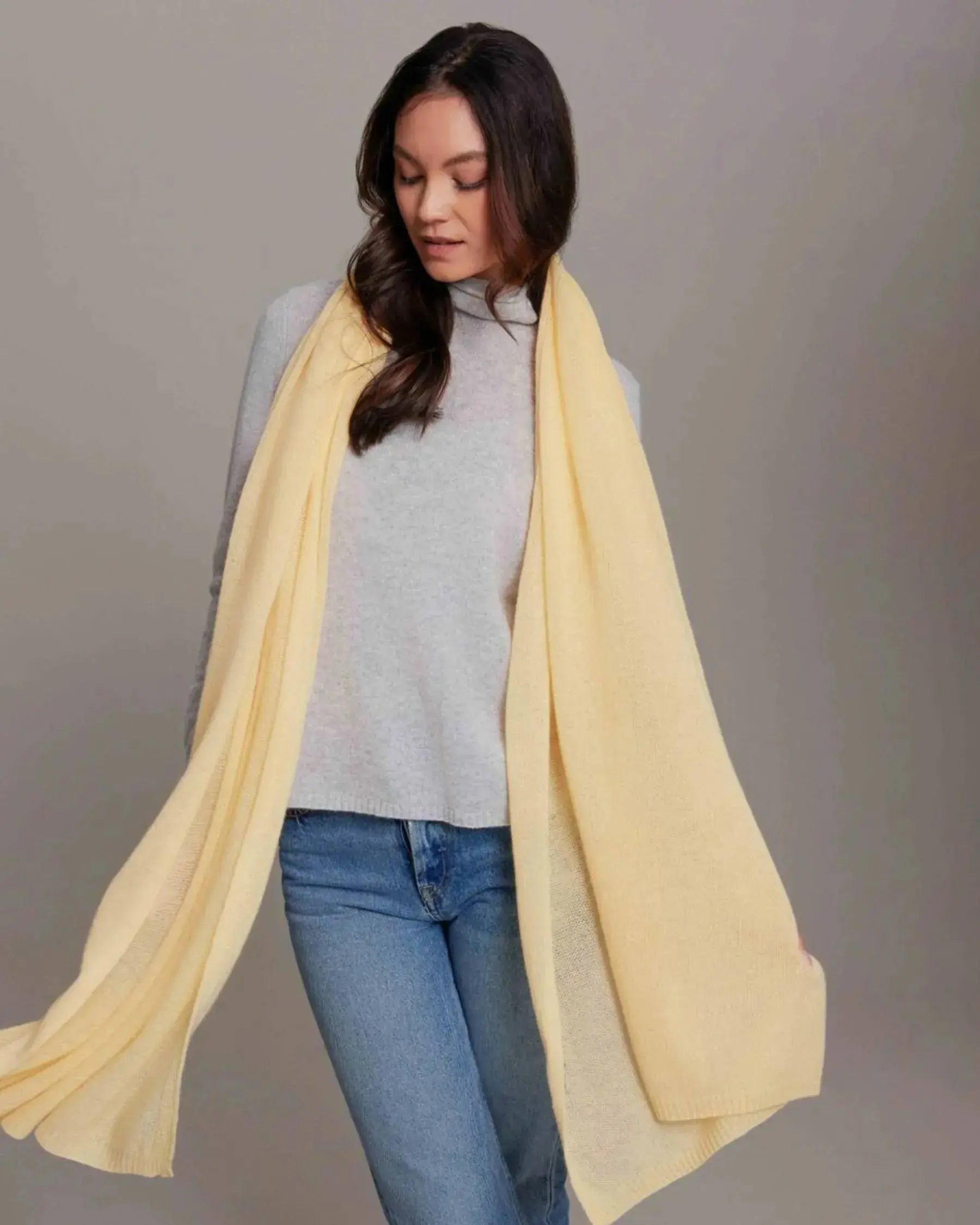 The Light Weight Travel Wrap is a sophisticated addition to any wardrobe. Easily worn as a wrap or a scarf, it can be used on many occasions to add a pop of color to any outfit. Perfect for travel.
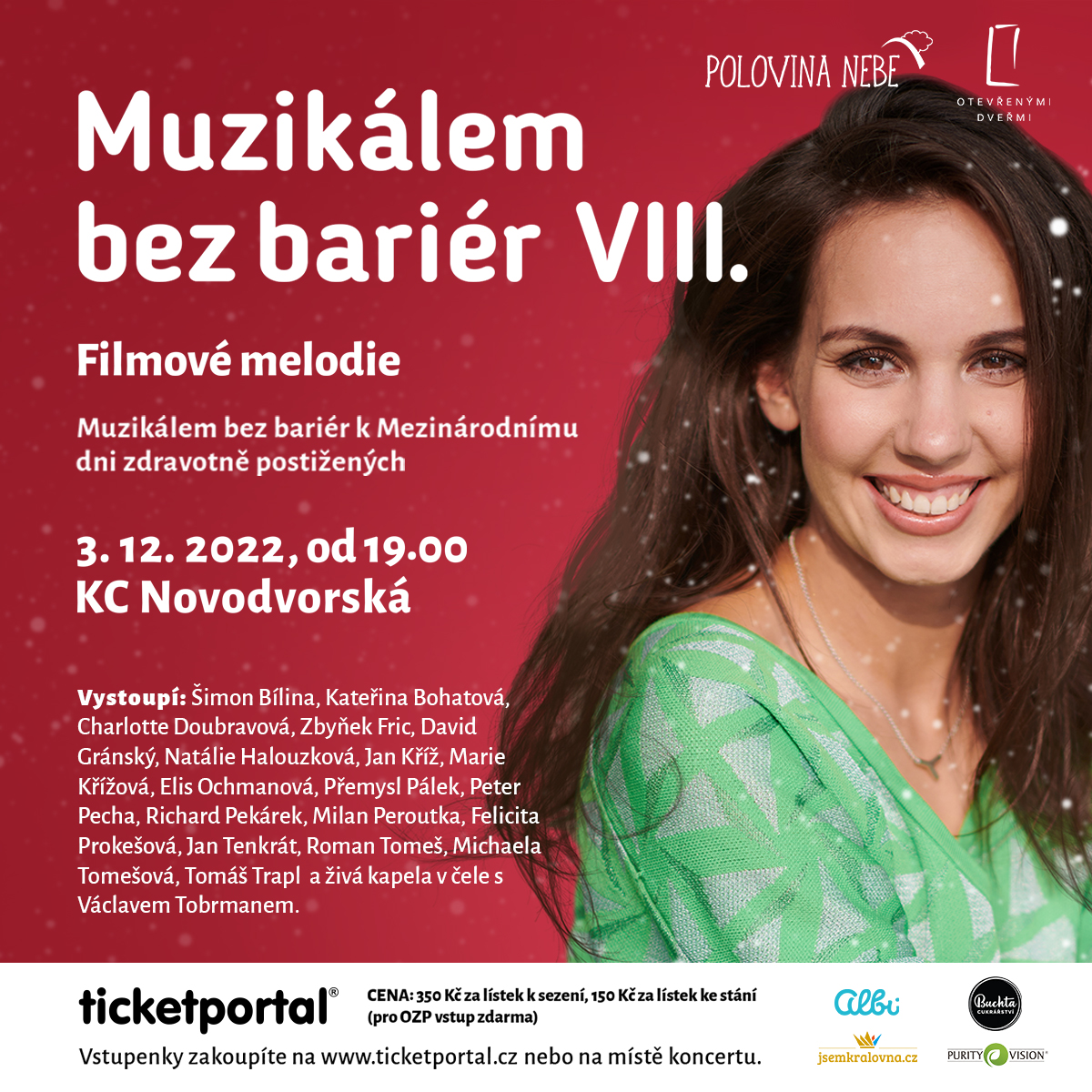 Osmý ročník Muzikálem bezbariér VIII., který pořádá Organizace POLOVINA NEBE, o.p.s. Každoroční benefiční koncert, jehož patronkou je herečka a zpěvačka Michaela Tomešová. Koncert je pořádán k mezinárodnímu dni zdravotně postižených 3.12. 2022 od 19:00.  Výtěžek z prodaných lístků je každý rok poukázán ve prospěch osob se zdravotním postižením nebo osob v tíživé životní situaci.Vstup pro OZP ZDARMA
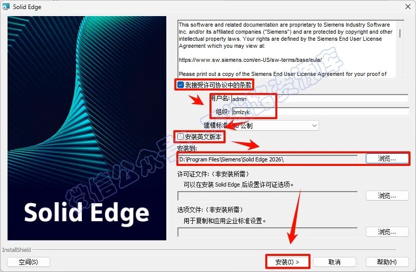 9.¹´Ñ¡“ÎÒ½ÓÊÜ...“£¬ÌîдÐÅÏ¢£¬È¡Ïû¹´Ñ¡“°²×°Ó¢Îİ汾”£¬Ñ¡ÔñÈí¼þ°²×°Â·¾¶£¬½¨ÒéºÍ½Ì³ÌÖеı£³ÖÒ»Ö£¬±¾Àý°²×°µ½DÅÌ£¨½«Â·¾¶µØÖ·ÖеÄÊ××Ö·ûC¸ÄΪD±íʾ°²×°µ½DÅÌ£¬°²×°Â·¾¶²»Òª³öÏÖÖÐÎÄ£©£¬µã»÷“°²×°”
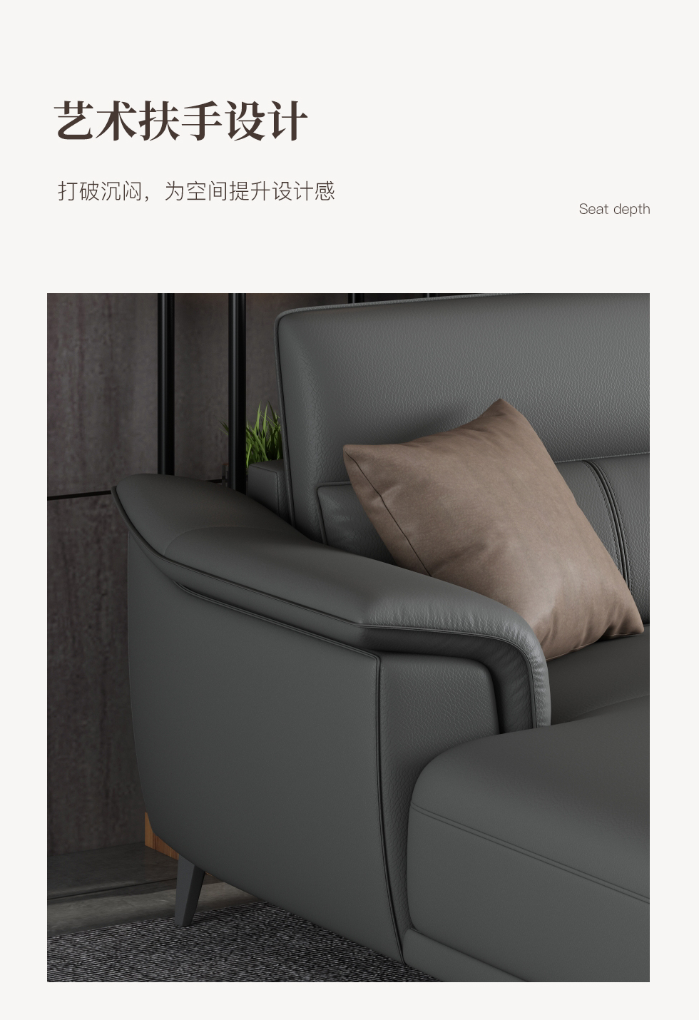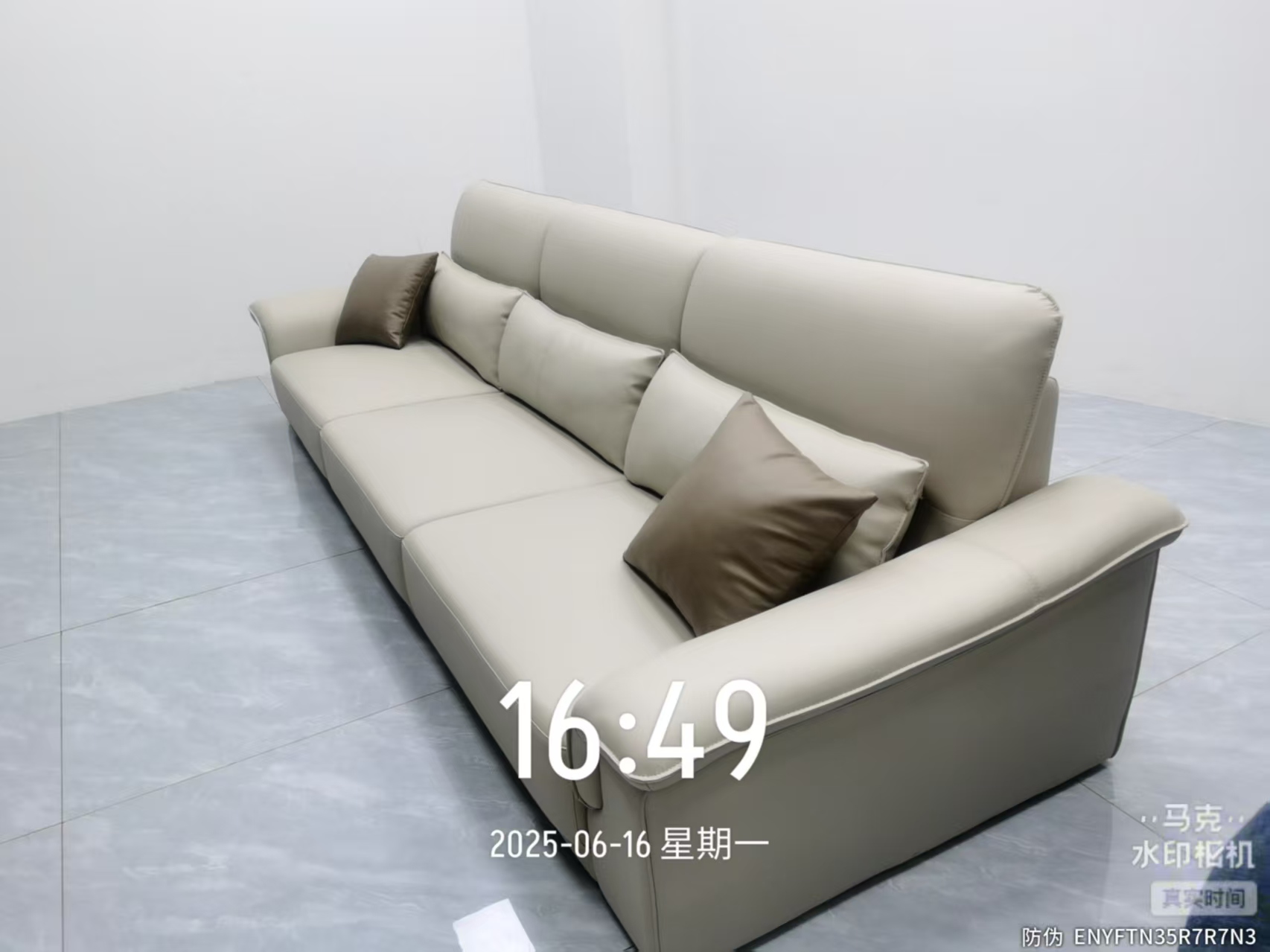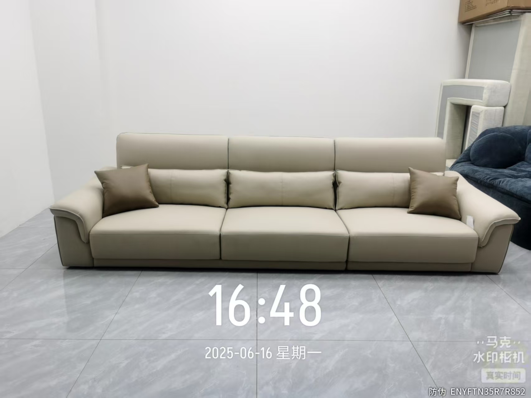 A系优选 现代简约 接触面生态真皮+赛羽绒扶手包+高密度东亚海绵+实木框架 3.1米沙发¥6058

[What you are asked to do] No pictures belong in the copy. Return exactly the lines from the line containing "Osmý ročník Muzikálem" through the last line of the listing.

[Answer for this exercise]
 Osmý ročník Muzikálem bezbariér VIII., který pořádá Organizace POLOVINA NEBE, o.p.s. Každoroční benefiční koncert, jehož patronkou je herečka a zpěvačka Michaela Tomešová. Koncert je pořádán k mezinárodnímu dni zdravotně postižených 3.12. 2022 od 19:00.  Výtěžek z prodaných lístků je každý rok poukázán ve prospěch osob se zdravotním postižením nebo osob v tíživé životní situaci.Vstup pro OZP ZDARMA
 9.¹´Ñ¡“ÎÒ½ÓÊÜ...“£¬ÌîдÐÅÏ¢£¬È¡Ïû¹´Ñ¡“°²×°Ó¢Îİ汾”£¬Ñ¡ÔñÈí¼þ°²×°Â·¾¶£¬½¨ÒéºÍ½Ì³ÌÖеı£³ÖÒ»Ö£¬±¾Àý°²×°µ½DÅÌ£¨½«Â·¾¶µØÖ·ÖеÄÊ××Ö·ûC¸ÄΪD±íʾ°²×°µ½DÅÌ£¬°²×°Â·¾¶²»Òª³öÏÖÖÐÎÄ£©£¬µã»÷“°²×°”
 A系优选 现代简约 接触面生态真皮+赛羽绒扶手包+高密度东亚海绵+实木框架 3.1米沙发¥6058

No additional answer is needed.